Full Text Reviews:
School Library Journal - 02/01/2020 K-Gr 3—A teen rock-climbing star describes how she approaches a climb, mapping it out one step at a time. Olympic-hopeful Ashima Shiraishi addresses readers directly, explaining that climbers call the rocks they face "problems." Her first-person narration is relatively simple, often featuring a single line on a page. Shiraishi describes facing one difficult climb, breaking it down into familiar steps and using similes to identify each distinctive part. She climbs, falls, and climbs again "with the new information / the fall had given me." This New York–born, Japanese American phenom is given a heroic treatment in digital illustrations by illustrator Xiao. The cover showcases Shiraishi hanging by her fingertips, almost flying, against a backdrop of sky and mountain. Early spreads showcase her climbs in Central Park before attempting the challenge at the heart of her story. After tracing her path up the rock, Xiao depicts Shiraishi reaching for a path through the stars. A final spread repeats the night sky motif with a more detailed history of her accomplishments through age 15. Publisher Christopher Myers introduces this teen author and athlete as someone who is "one of the best in the world at what she does" but with a secret superpower: "the ability to try again after failing." VERDICT A well-told story that could be an inspiration to young readers.—Kathleen Isaacs, Children's Literature Specialist, Pasadena, MD - Copyright 2020 Publishers Weekly, Library Journal and/or School Library Journal used with permission.

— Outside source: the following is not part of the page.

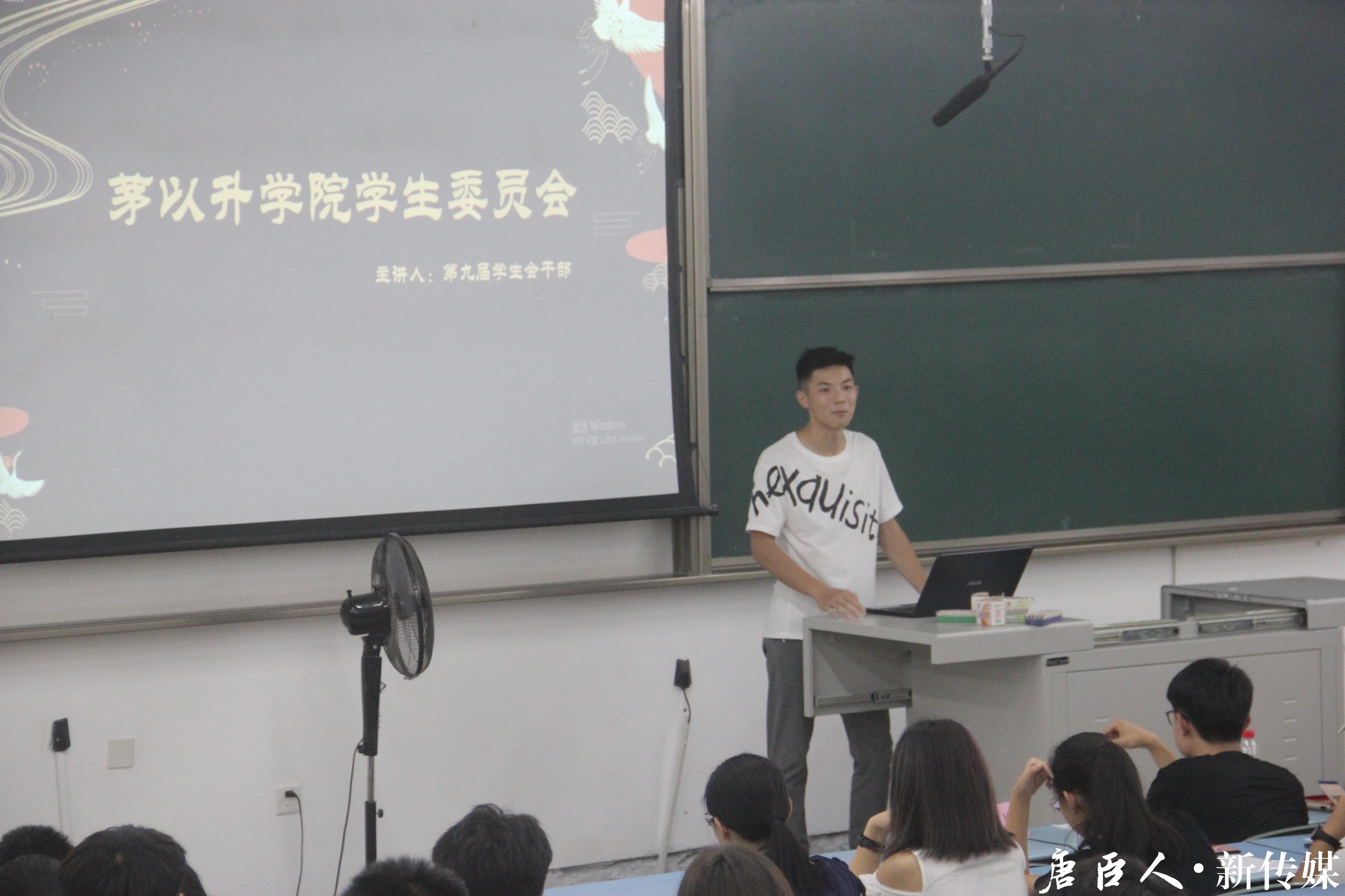 官方媒体,唐臣人·新传媒成立于2011年。经过六年多的筛选与改组,它已经拥有了完备、合理的协会制度和有序、灵活的人员分配。其组织下辖文字编辑部、摄影部和新媒体部三大部门,拥有学院最为专业的文字、摄影、新媒体工作者,并具有负责学院各活动的采访、报道及视频与海报制作,为学院撰写通知、公告和录制官方视频,提供个人写作平台和负责院网、官微、官博的内容更新等职能。随后,文字编辑部、摄影部、新媒体部依次作了部门介绍,强调了彼此之间的分工与合作,并凭借风趣的讲解赢得了阵阵掌声。

Booklist - 02/15/2020 Free solo climbers refer to boulders as “problems,” and in this book, rock climbing serves as a metaphor for solving any problem that confronts you. Fifteen-year-old Shiraishi, regarded as one of the world’s most skilled climbers, is the author, narrator, and main character here. Her experience makes her statement—that solving boulders is similar to solving real-life problems—both arresting and credible. She sticks to the metaphor throughout, focusing on how, at 13, she solved a boulder problem that was the largest and most challenging she ever encountered. Xiao’s digital illustrations are full of movement and bold color, juxtaposing small Shiraishi with a boulder whose contours stretch off the page. One spread, oriented sideways, in which Shiraishi loses her grip and falls, is spine-tingling in itself. While the focus on cognitive mapping may be beyond younger children, the author’s beliefs in learning from each fall and that learning from failure is a superpower are sure to empower any person facing a problem. Engrossing and inspiring. - Copyright 2020 Booklist.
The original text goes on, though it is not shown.